# My new primary



## Charlietuna (Oct 30, 2012)

Looking forward to starting a 25 gallon batch of sp. I'll transfer into 5 & 6 gallon carboys.


----------



## DirtyDawg10 (Oct 30, 2012)

Sounds pee-licious!


----------



## Dend78 (Oct 30, 2012)

so i gotta ask what were the looks like as you hit the counter? bahaha


----------



## grapeman (Oct 30, 2012)

I hope you told them you were making some lemonade for your kids lemonade stand...........


----------



## Charlietuna (Oct 30, 2012)

They didn't ask. Although I thought if I happen to run into Danger Dave at that Sam's Club, he'd know exactly what was going on by looking at my cart. Haha.


----------



## Charlietuna (Oct 30, 2012)

The new trash can is NSF std. 2 plastic, which is food contact acceptable. Plus, its only going to be in there 4-7 days before transfer.


----------



## grapeman (Oct 30, 2012)

I buy the Rubbermaid Brutes, which are also at Sam's (I get mine from Lowes thought). They are food grade and are 32 gallons. You can also get 20 gallon white ones like ibglowin uses.


----------



## Runningwolf (Oct 30, 2012)

grapeman said:


> I buy the Rubbermaid Brutes, which are also at Sam's (I get mine from Lowes thought). They are food grade and are 32 gallons. You can also get 20 gallon white ones like ibglowin uses.

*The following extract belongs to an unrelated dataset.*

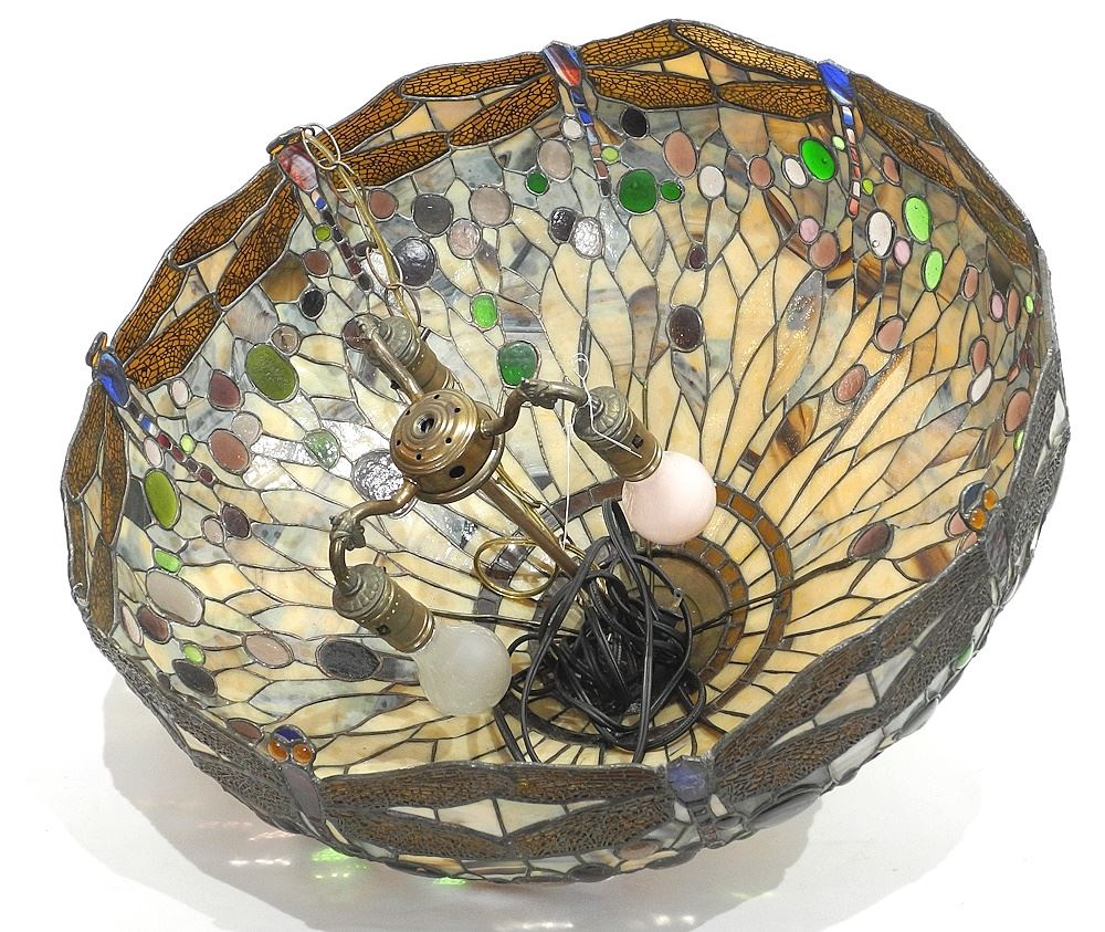 Leaded Glass "Dragonfly" Ceiling Fixture, Approx. 15" x 24" Diameter. (4 pieces missing).

 I also get the same ones from Home Depot. I've got all three sizes. I do use them as trash cans in the cellar but they always have trash bags in them. It's actually rare that I really need something that big as a primary.


----------



## Charlietuna (Nov 18, 2012)

Here we go!!


----------



## Runningwolf (Nov 18, 2012)

Looking good! Becarful if you add any nutrients to it part way through fermentaion so it doesn't foam over.


----------



## Boatboy24 (Nov 18, 2012)

Holy cow, that's a lot of hooch!!


----------



## Charlietuna (Nov 18, 2012)

I know I'm pushing my limits on capacity & foaming. Even being careful, I've volcano'ed more than 1 batch.


----------



## Pumpkinman (Nov 18, 2012)

Charlietune, now that is just too funny, We bought the same 25 lb bag of sugar and had a few of those Real Lemon bottles as well...yesterday...lol
Ya know it's bad when you go to your local warehouse store to buy wine supplies..lol


----------



## Charlietuna (Nov 18, 2012)

Next thing u know we'll be buying sugar in 500 lb super sacks. Lol


----------



## olusteebus (Nov 18, 2012)

you boys gotta license to sell all that lemonade?


----------



## Charlietuna (Nov 18, 2012)

Not selling it, lots of christmas gifts.


----------



## olusteebus (Nov 18, 2012)

Charlietuna, It appears that you are fermenting plain skeeter pee. Will you add other flavors afterwards?


----------



## Charlietuna (Nov 18, 2012)

Yes, my standard batch is throwing all the sugar, water & lemon juice in the bucket & stirring. I don't add yeast for 36-48 hrs & stir a couple times before. I'll ferment dry, sorbate & meta, then add 1 can of frozen concentrate per gallon. My 3 favorites are apple cherry, blueberry pomegranate & Concord grape. Sparkoloid, rack in a week & bottle in about another week. It's been a continuous production for about a year now. Batch after batch.


----------



## Charlietuna (Dec 8, 2012)

Time to rack.


----------



## Charlietuna (Dec 8, 2012)

28 3/4 gallon of goodness.


----------



## GreginND (Dec 8, 2012)

Holy pee, batman.


----------



## rob (Dec 8, 2012)

You sure have me thinking, that's gona take a lot of empty bottles..........


----------



## Charlietuna (Dec 8, 2012)

I put some on plastic juice bottles. 

I plan on bottling 100 bottles & plastic jug the rest.


----------



## rob (Dec 8, 2012)

What kind of plastic jugs are you talking about and what is the shelf life?


----------



## Charlietuna (Dec 9, 2012)

Just juice jugs from my kids apple / grape juice.  It never lasts more than a month. We drink from the plastic first. 
Although I wouldn't be afraid of leaving it in the plastic for a year or more. I also wouldn't be concerned with making SP in plastic water jugs. I wouldn't age a good dry red in them, but to have sp in plastic(as long as its the right plastic) - no concerns.


----------



## Charlietuna (Dec 9, 2012)

The airlocks on these 5 carboys sound like a symphony! #'s 4 & 5 are really going to town. I know I picked up a lot of sediment in #5, Must have in #4 also.


----------